Une autre conférence posait la question de l’existence d’un cinéma de la désobéissance. Romain Goupil qui a consacré une grande partie de son œuvre au cinéma militant était présent pour exposer sont point de vue et débattre avec le public. Son discours, tonique, provocateur, drôle et iconoclaste fut à la hauteur du personnage haut en couleur, brillant et gouailleur. Selon Goupil, dire qu’un film peut changer le monde est absurde. C’est uniquement dans ce qu’il provoque – ce sont les discussions, une mobilisation, une manifestation, créer un rapport de force (sic) – qu’un film peut entraîner un bouleversement, changer l’ordre des choses. Puis Goupil fait dériver le sujet sur un inattendu développement purement artistique. Le seul cinéma de la désobéissance est selon lui celui qui « s’opposerait au cinéma dominant », ce dernier étant celui qui répond à tous les cadres, à toutes les règles de construction du divertissement. Le cinéma de la désobéissance est forcément un cinéma de type révolutionnaire. De sorte qu’il faudrait ouvrir la porte de derrière, celle qui débouche sur les centaines de milliers de films qui peuplent l’histoire du septième art et non pas sur ceux, très visibles, qui ont été formatés avec une précision extrême pour divertir et, in fine, pour le succès.

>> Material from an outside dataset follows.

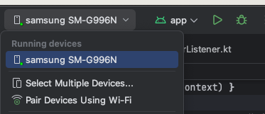 이제 안드로이드 스튜디오에서 코드를 수정하고, 오른쪽의 실행 버튼으로 내 연결한 기기에서 개발 결과물을 즉시 확인 할 수 있습니다.

S’il est un cinéaste qui connaît à l’heure actuelle un succès fulgurant sans sacrifier au conformisme et à la facilité, c’est bien le prolifique Brillante Mendoza dont le dernier film Lola était présenté en avant-première. Dans Lola, Mendoza filme deux femmes âgées à Manille, qui se trouvent confrontées à un drame commun. Le style de Mendoza, sans concession, est éblouissant et l’on se dit qu’il échappe aux recettes commerciales et n’hésite pas à fuir les cadres formels imposés, et qu’ainsi il devrait plaire à Romain Goupil.